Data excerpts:
######

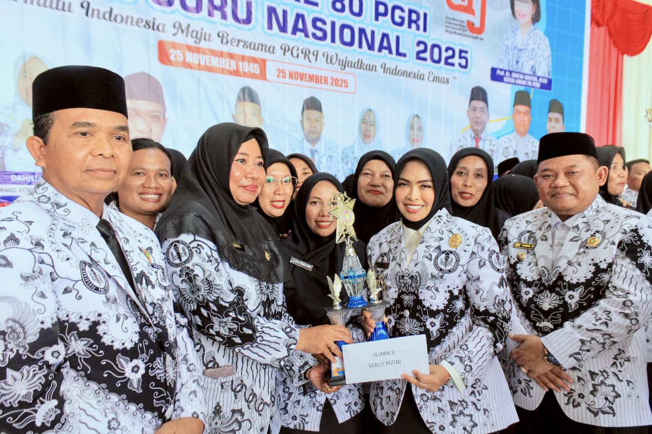 IKNews, LABUHANBATU – Suasana Gedung Serbaguna Kompleks Kantor Bupati Labuhanbatu pada Senin, 8 Desember 2025, terlihat jauh lebih ramai dari biasanya. Ratusan guru dari berbagai kecamatan memadati lokasi untuk mengikuti puncak peringatan Hari Ulang Tahun (HUT) ke-80 PGRI sekaligus Hari Guru Nasional (HGN) 2025.
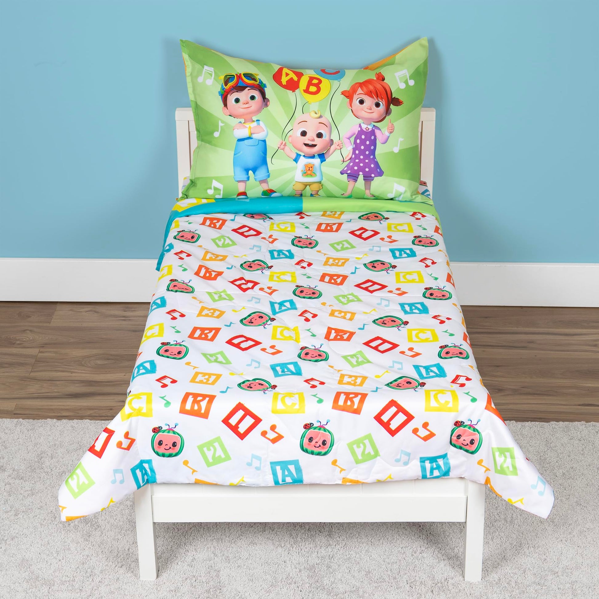 • Cocomelon 'Learning is fun' 4-Piece Toddler bed Set, featuring the fun and educational characters from the popular preschool YouTube series are sure to delight young fans and inspire dreams of learning, fun, music and playful adventures
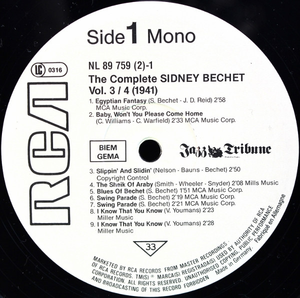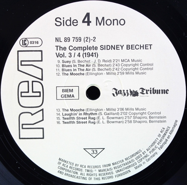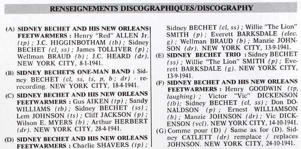Clarinet, Soprano Saxophone, Tenor Saxophone, Piano, Bass, Drums – Sidney Bechet |
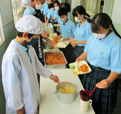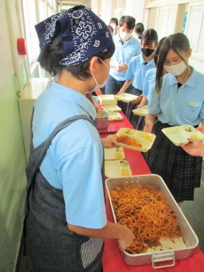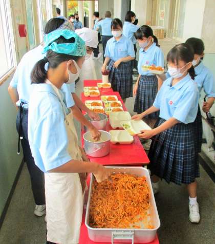 給食の配膳風景です。
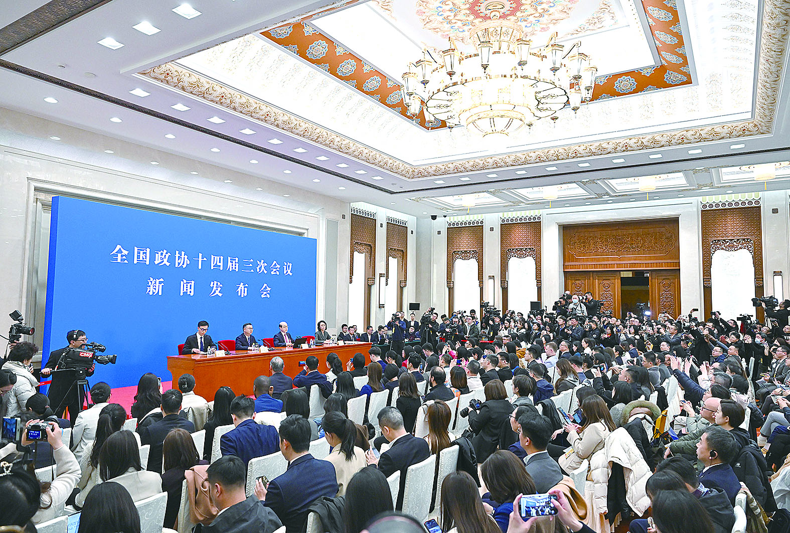 3月3日,全国政协十四届三次会议新闻发布会在北京人民大会堂举行。大会新闻发言人刘结一向中外媒体介绍本次大会有关情况并回答记者提问。 新华社记者 金良快 摄
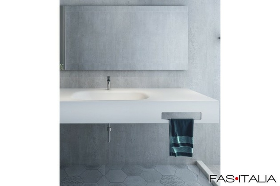 Porta asciugamani integrato nel piano lavabo, cod.40492 (1 pezzo) Porta asciugamani integrato al piano del lavabo, altezza 5 cm. L'accessorio è realizzabile su richiesta del cliente in qualsiasi punto del lavabo, alla larghezza richiesta. Essendo ricavato direttamente sul piano, il porta asciugamani non necessita di viti, colle o giunture.

######

▶ _Aim of the exercise_
An exact copy of the entries above is needed, with the pictures removed.

▶ _Solution for this problem_
 IKNews, LABUHANBATU – Suasana Gedung Serbaguna Kompleks Kantor Bupati Labuhanbatu pada Senin, 8 Desember 2025, terlihat jauh lebih ramai dari biasanya. Ratusan guru dari berbagai kecamatan memadati lokasi untuk mengikuti puncak peringatan Hari Ulang Tahun (HUT) ke-80 PGRI sekaligus Hari Guru Nasional (HGN) 2025.
 • Cocomelon 'Learning is fun' 4-Piece Toddler bed Set, featuring the fun and educational characters from the popular preschool YouTube series are sure to delight young fans and inspire dreams of learning, fun, music and playful adventures
Clarinet, Soprano Saxophone, Tenor Saxophone, Piano, Bass, Drums – Sidney Bechet |
 給食の配膳風景です。
 3月3日,全国政协十四届三次会议新闻发布会在北京人民大会堂举行。大会新闻发言人刘结一向中外媒体介绍本次大会有关情况并回答记者提问。 新华社记者 金良快 摄
 Porta asciugamani integrato nel piano lavabo, cod.40492 (1 pezzo) Porta asciugamani integrato al piano del lavabo, altezza 5 cm. L'accessorio è realizzabile su richiesta del cliente in qualsiasi punto del lavabo, alla larghezza richiesta. Essendo ricavato direttamente sul piano, il porta asciugamani non necessita di viti, colle o giunture.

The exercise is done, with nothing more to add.